Data records:
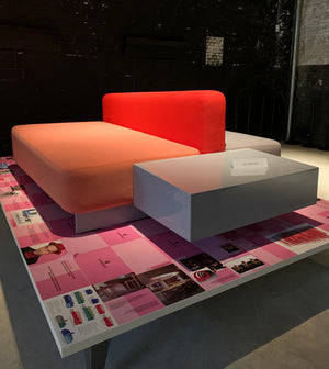 Een modulair banksysteem bestaande uit schuine fauteuils, losse banken en een chaisse longue. De schuine elementen in verschillende vormen lijken op ongelijke keien die worden onderbroken door kleine tafeltjes als rustpunten.
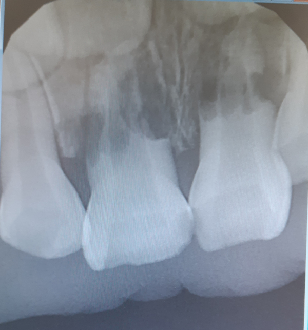 Ребенку 3 года 11 месяцев. В июне ребенок упал и стукнулся зубами об пластмассовую горку, десна кровоточила. На следующий день сделали рентген, ничего там не нашли, зубы целы. И вот две недели назад ребенок съел яблоко, и вечером пожаловался, что больно во рту. Ночью верхнюю губу разнесло, забрали в больницу, кололи антибиотик три дня и все прошло. Теперь на десне образовался свищ над передними зубами, при надавливании выходит гной.
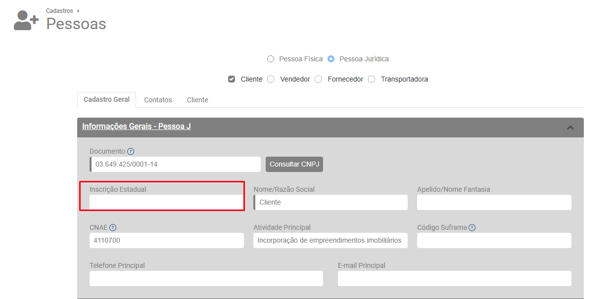 Acesse a aba Cadastro Geral e corrija a informação digitada no campo Inscrição Estadual, em seguida salve o cadastro.
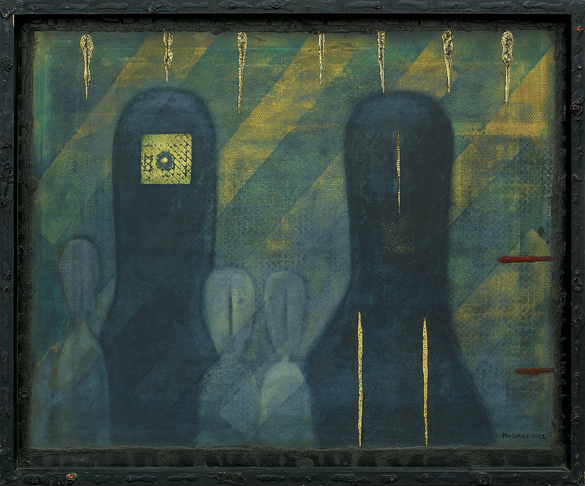 Henryk Musiałowicz (Gniezno 5 I 1914 - Warszawa 24 II 2015) od 1930 uczył się w Państwowej Szkole Sztuk Zdobniczych i Przemysłu Artystycznego w Poznaniu. W 1936 uzyskał absolutorium na Wydziale Malarstwa Dekoracyjnego i Witrażownictwa. W 1937 podjął studia malarskie w warszawskiej ASP pod kierunkiem Felicjana Kowarskiego i Leonarda Pękalskiego (dyplom pod kierunkiem tego pierwszego uzyskał w 1947). Lata okupacji spędził w Warszawie, kontynuując twórczość artystyczną (wykonywał w tym czasie m.in. ekslibrisy). Współpracował z Departamentem Informacji Delegatury Rządu na Kraj. Od 1940 związany był z grupą absolwentów warszawskiej uczelni, działającą w latach okupacji w tzw. Bacciarellówce na terenie Zamku Królewskiego, a po wojnie znaną jako grupa „Warszawa“. W sztuce Musiałowicza, zwłaszcza bezpośrednio po wojnie, silnie zaznaczyły się wątki związane z martyrologią, tragedią Powstania Warszawskiego, zburzeniem Warszawy, której ruiny upamiętnił w cyklu rysunków z 1945-1946. Poszukując formy odpowiedniej dla przeżyć wojennych, znalazł ją w sztuce Holendrów, zwłaszcza Rembrandta, którego twórczość poznał podczas podróży w 1956. Odtąd na stałe zdominował jego malarstwo ciemny koloryt, uspokojona, niekiedy hieratyczna kompozycja form zaledwie sugerujących figury ludzkie, bogata faktura i połyskliwość powierzchni. Z czasem artysta zaczął konstruować formy przestrzenne z drewna, jak zwykle pokrytego bogatą warstwą malarską, w wydłużonych stojących kształtach. Musiałowicz do 1983 aktywnie działał w ZPAP. Był członkiem międzynarodowych organizacji artystycznych, w tym kilku włoskich, jak Accademia Tibertina w Rzymie (od 1965), Accademia Italiana delle Arti e del Lavoro w Parmie (od 1979), Accademia Europea, Calvatone (od 1985). W 2002 wielką retrospektywę jego twórczości zorganizowało Muzeum Narodowe w Poznaniu.
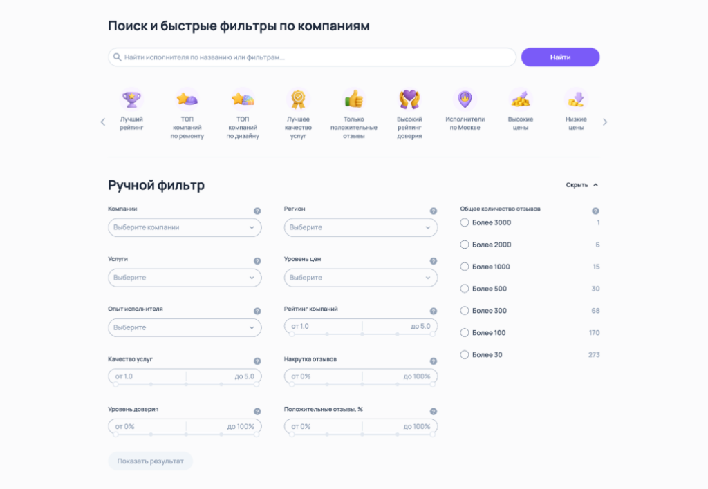 Рекомендуем: Выбрать нужные услуги; Кол-во отзывов – более 300; Рейтинг компаний – 4-5; Уровень доверия – 80-100; Качество услуг – 4-5. Нажмите "Показать результат"
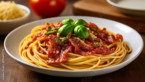 dinner, spaghetti, inviting, food photography, savoury, table setting, appetising, home cooking, wholesome, basil, meal, plate, italian cuisine, accessing, hearty, delicious, culinary, meat, mouth-watering
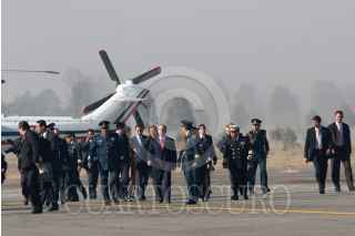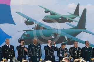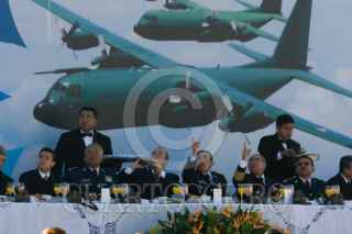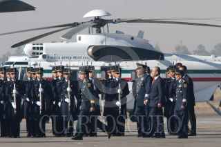 TECÁMAC, ESTADO DE MÉXICO, 10FEBRERO2010.- Felipe Calderón Hinojosa, Presidente de México, acompañado de Enrique Peña Nieto, Gobernador del Estado de México, Guillermo Galván Galván, Secretario de la Defensa Nacional y Leonardo González García, Comandante en Jefe de la Fuerza Aérea de México y Francisco Saynez Mendoza, titular de la Secretaria de Marina, encabezaron la ceremonia conmemorativa del “XCV Aniversario de la Fuerza Aérea Mexicana”, en la base aérea de Santa Lucia. FOTO: GUILLERMO PEREA/CUARTOSCURO.COM
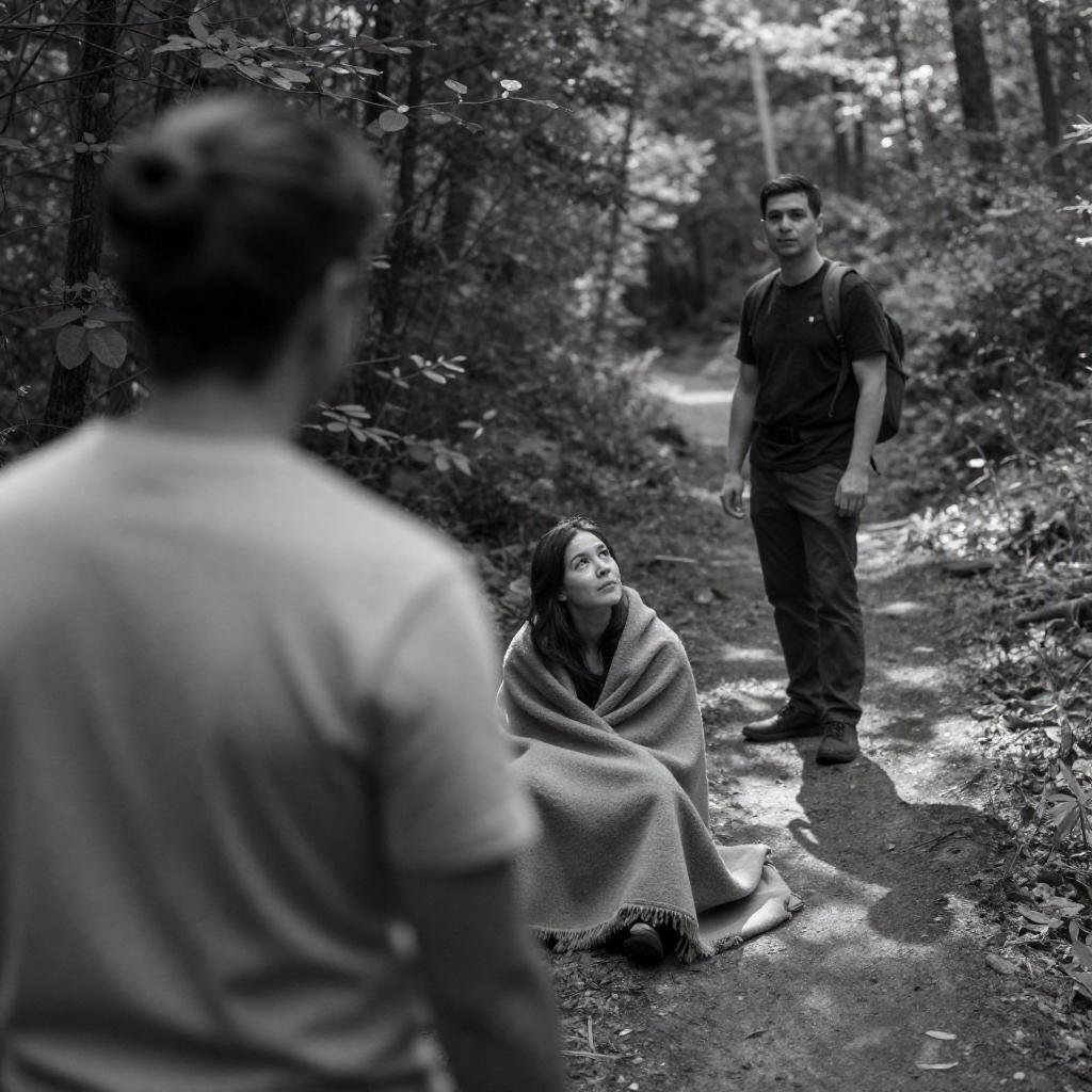 Black and white photograph. Man in casual clothes, striped pants, sneakers, and T-shirt, squatting with hands raised. Woman in dark dress and cardigan, arms crossed, standing beside him. Forest background, rocky ground. Man has short hair, woman has dark hair. Man looks focused, woman looks serious. Both look at each other.
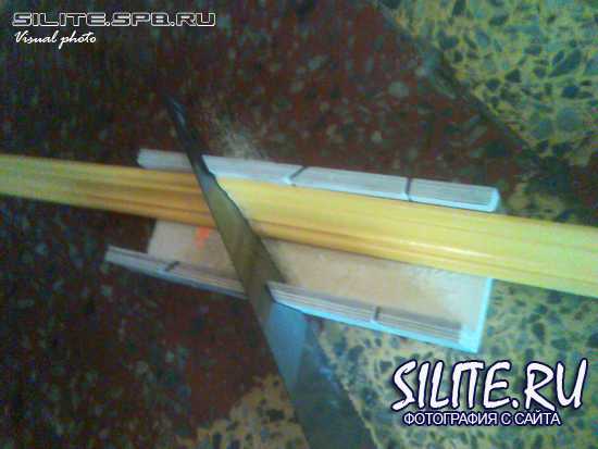 В станине стусла предусмотрены отверстия, через которые оно легко крепится к основе – столу или табурету. Надёжно зафиксированный инструмент не будет скользить, и ваша работа гарантированно получится аккуратной. Плинтусная планка помещается в станину и зажимами крепится к одной из стенок, если в конструкции стусла зажимов нет, материал крепко удерживается руками. В направляющие щели на каждой из сторон стусла установите режущий инструмент и начинайте распил. Можно взять обыкновенную ножовку для дерева, но лучше под рукой иметь обушковую пилу, она оставляет более аккуратный рез, и край плинтуса будет ровным, без защипов.
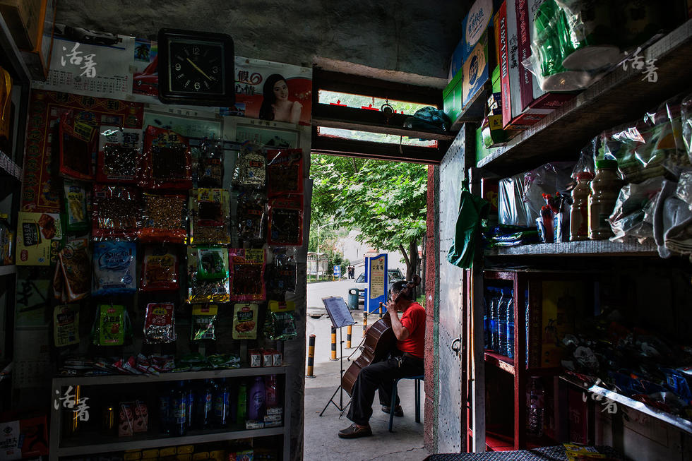 68歲退休工人王良坤過去在礦工會工作,退休后開了一家小賣店。老人從10多歲就喜歡拉大提琴,小店沒有顧客光顧,老人就在小店門口拉琴來消磨時間。如今礦上經(jīng)濟(jì)不景氣,許多商店都關(guān)了門。 (來自:騰訊圖片)
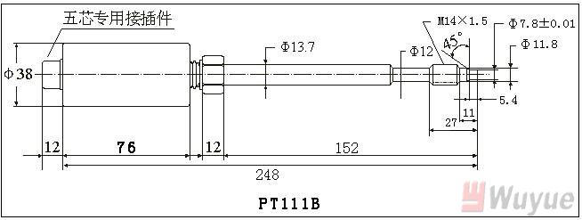 5、選型舉例:PT124B-20MPa-M14-152/460-2/5單功能軟管型變送器20MPa,M14×1.5。直桿長152mm,軟管長460mm,五芯接插件,4-20m A輸出。

* [Exercise brief]:
What's needed is an exact copy of the records above from the line containing "TECÁMAC, ESTADO DE" down to the line containing "В станине стусла", both included, without any pictures.

* [Answer box]:
 TECÁMAC, ESTADO DE MÉXICO, 10FEBRERO2010.- Felipe Calderón Hinojosa, Presidente de México, acompañado de Enrique Peña Nieto, Gobernador del Estado de México, Guillermo Galván Galván, Secretario de la Defensa Nacional y Leonardo González García, Comandante en Jefe de la Fuerza Aérea de México y Francisco Saynez Mendoza, titular de la Secretaria de Marina, encabezaron la ceremonia conmemorativa del “XCV Aniversario de la Fuerza Aérea Mexicana”, en la base aérea de Santa Lucia. FOTO: GUILLERMO PEREA/CUARTOSCURO.COM
 Black and white photograph. Man in casual clothes, striped pants, sneakers, and T-shirt, squatting with hands raised. Woman in dark dress and cardigan, arms crossed, standing beside him. Forest background, rocky ground. Man has short hair, woman has dark hair. Man looks focused, woman looks serious. Both look at each other.
 В станине стусла предусмотрены отверстия, через которые оно легко крепится к основе – столу или табурету. Надёжно зафиксированный инструмент не будет скользить, и ваша работа гарантированно получится аккуратной. Плинтусная планка помещается в станину и зажимами крепится к одной из стенок, если в конструкции стусла зажимов нет, материал крепко удерживается руками. В направляющие щели на каждой из сторон стусла установите режущий инструмент и начинайте распил. Можно взять обыкновенную ножовку для дерева, но лучше под рукой иметь обушковую пилу, она оставляет более аккуратный рез, и край плинтуса будет ровным, без защипов.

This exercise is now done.